Wednesday, June 08, 2011

Combining Data, Reaching a Clear Conclusion

Brad DeLong:
Spa Talks with Former Not-So-Senior Administration Officials...
Four points emerged:

  • Doing something large-scale and effective about housing in 2009 would have been really, really hard because most underwater homeowners were making their payments, would have regarded it as grossly unfair for the government to have bailed out their peers in default, and banks had no interest in taking any haircuts at all on mortgage loans that were current--no matter how far underwater the borrower was.

  • The failure of the PPIP and other policies in 2009 to achieve significant scale and actually boost the economy-wide supply of safe assets that the market was so desperate for is actually the fault of Krugman, Sachs, and Stiglitz for opposing it...

  • DeLong comments:
    I am very skeptical of (2)--Jeff, Joe, and Paul seem to have had no influence on anything else, so why should they have been decisive here?

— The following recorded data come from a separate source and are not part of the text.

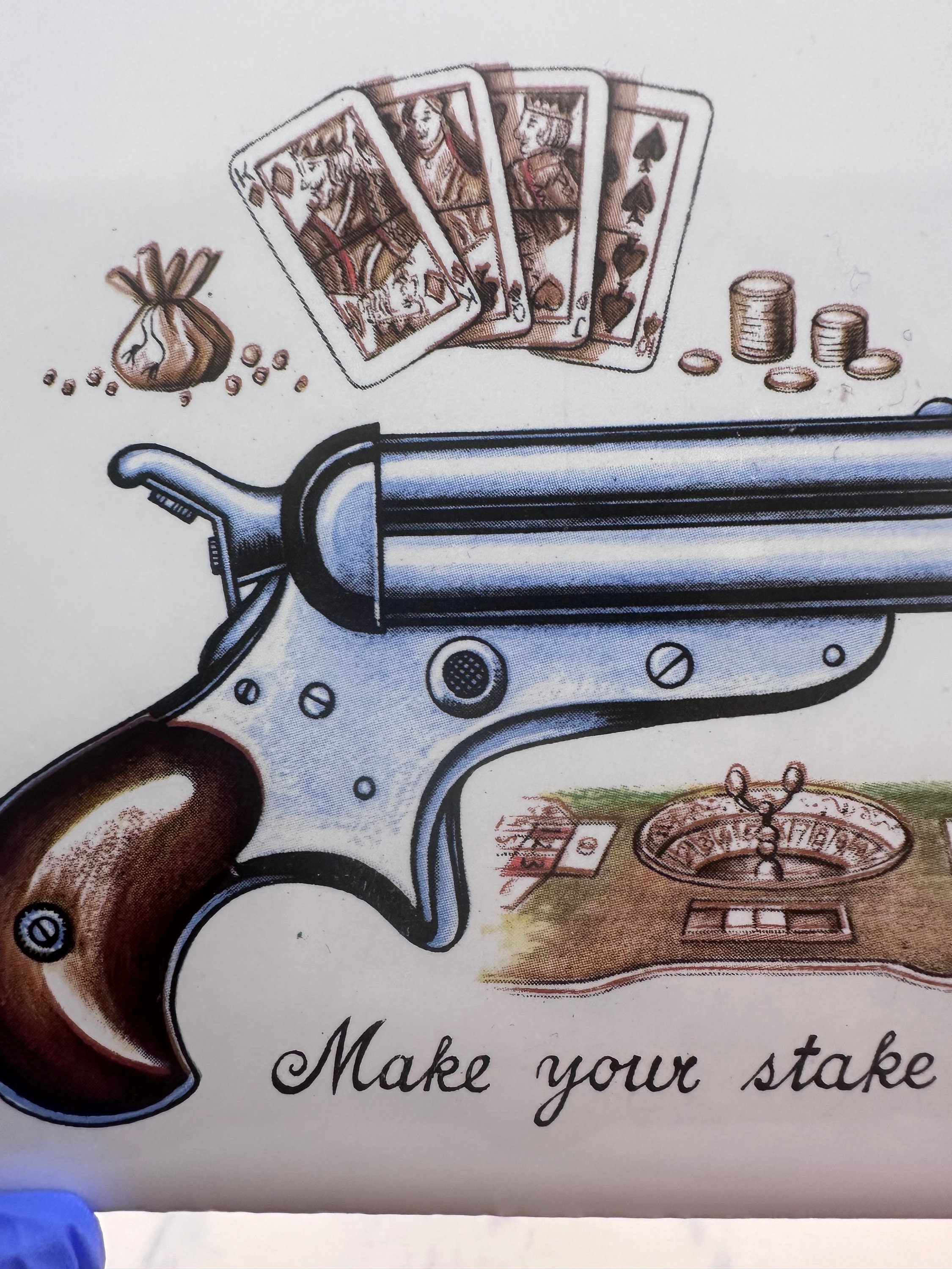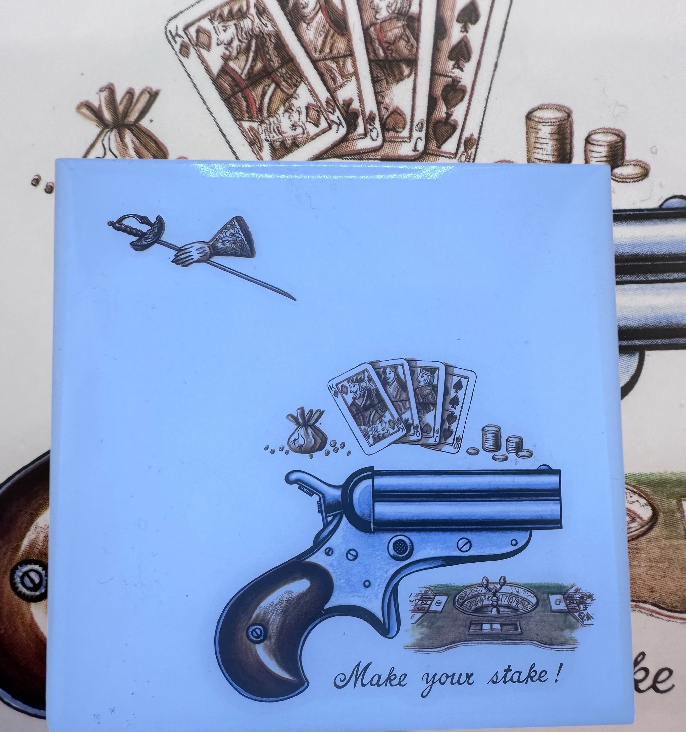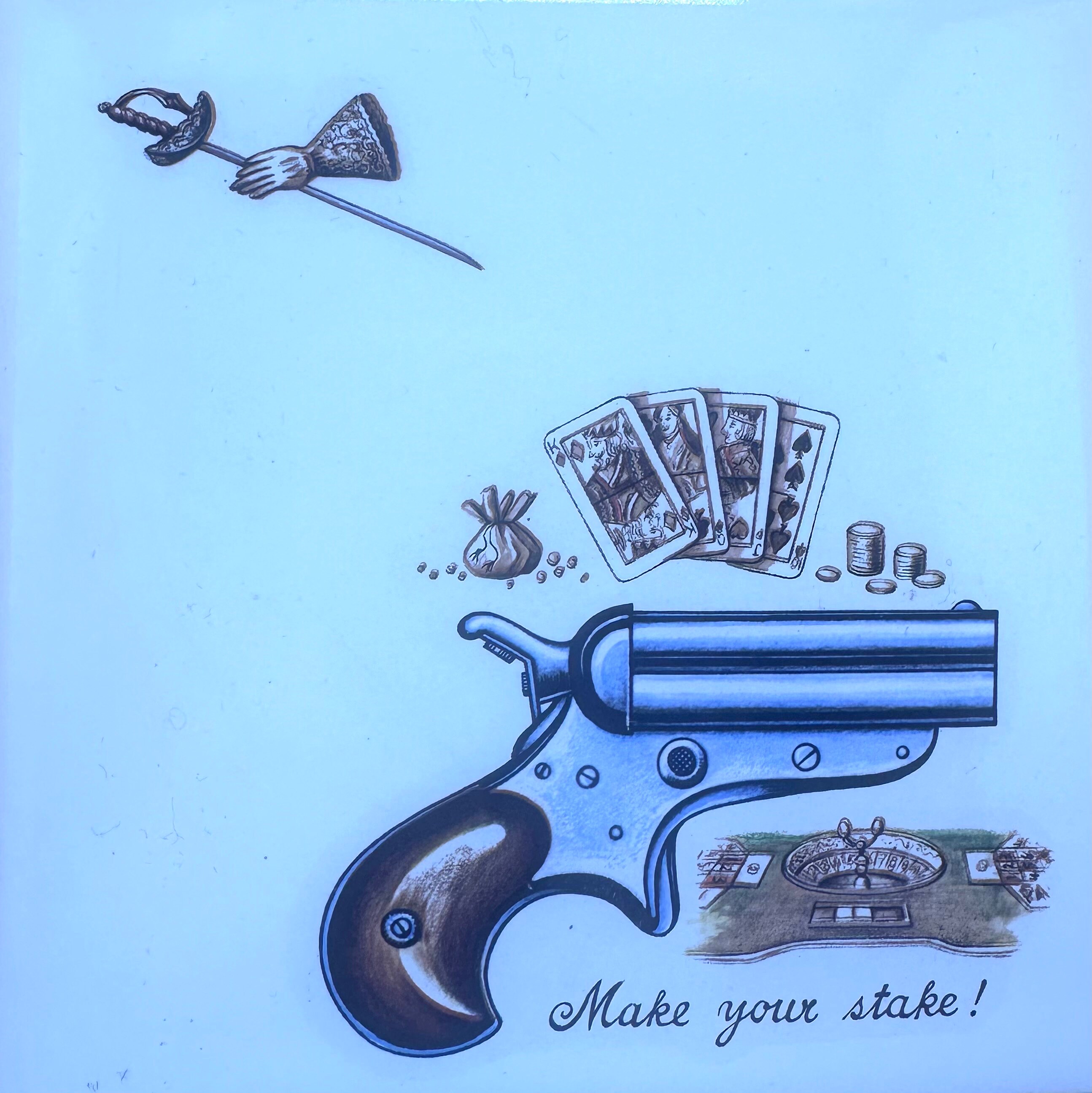 This is for one hand decorated 6" x 6" square ceramic wall tile. The art tile features a James Bond style poster of a Remington derringer along with a roulette wheel and a deck of cards. It says "Make Your Stake!", It is in excellent condition.
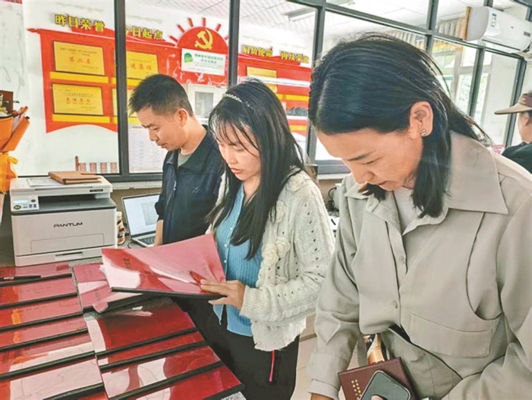 图为洛林乡驻村临时党支部成员在雪巴村督导检查驻村工作。 本报记者 杨小娟 摄
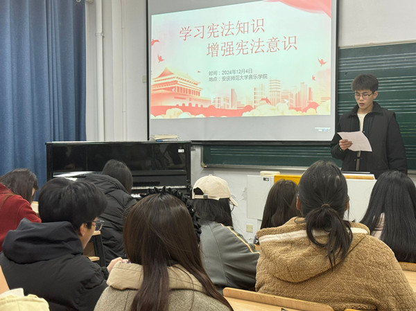 学习以观看视频为主,同学们学习了宪法形成发展的过程及在国家治理中的重要意义,深刻认识到了依法治国的重要性,意识到了自觉维护宪法权威,传播法治理念,普及法治思维的重要性。音乐学专业2023级(4)班的陈文广表示:“宪法学习是一场深刻的思想洗礼。通过学习,我认识到,宪法与日常生活和工作息息相关,宪法保障着公民的合法权益,也约束着我们的行为,我们要学法、守法、用法。”
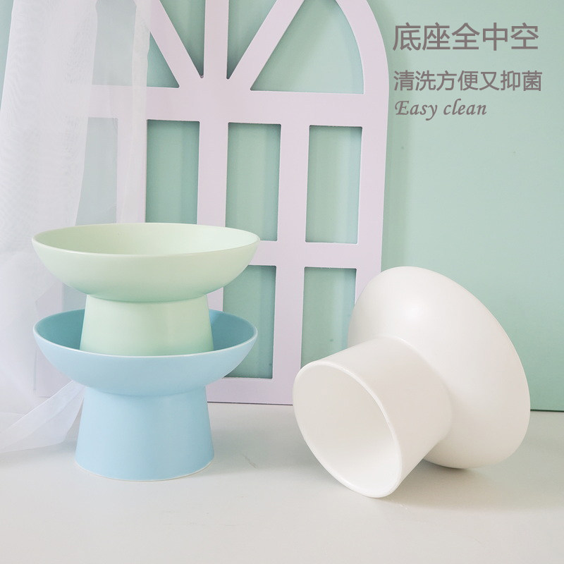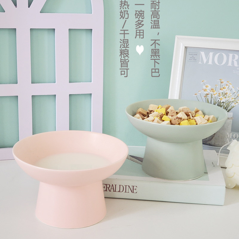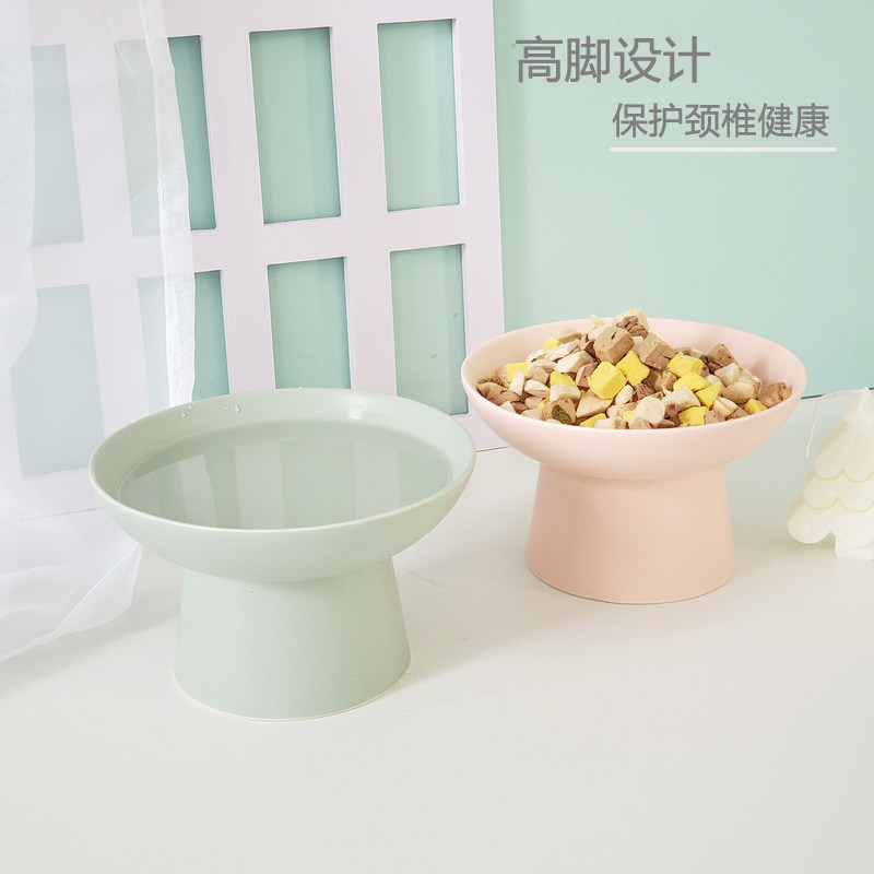 Cat rice bowl ceramic protection cervical vertebra high foot shallow mouth food bowl Garfield flat face cat special food bowl pet cat and dog water bowl

    But a pattern is emerging, and we can leap to conclusions in the manner of Young Sherlock Holmes ("You accused the French ambassador!" "It was the Russian ambassador.")

    Yesterday, many of us thought that Richard Koo was bitter, or at least mishearing things.

    Today, in the aftermath of The DeLong Revelation, we know better. Koo heard the official correctly, and probably was just too polite to call the person an idiot.

    Today, we know that the problem is that the Administration has someone reading Krugman who knows how to play politics but hasn't the slightest understanding of what he reads.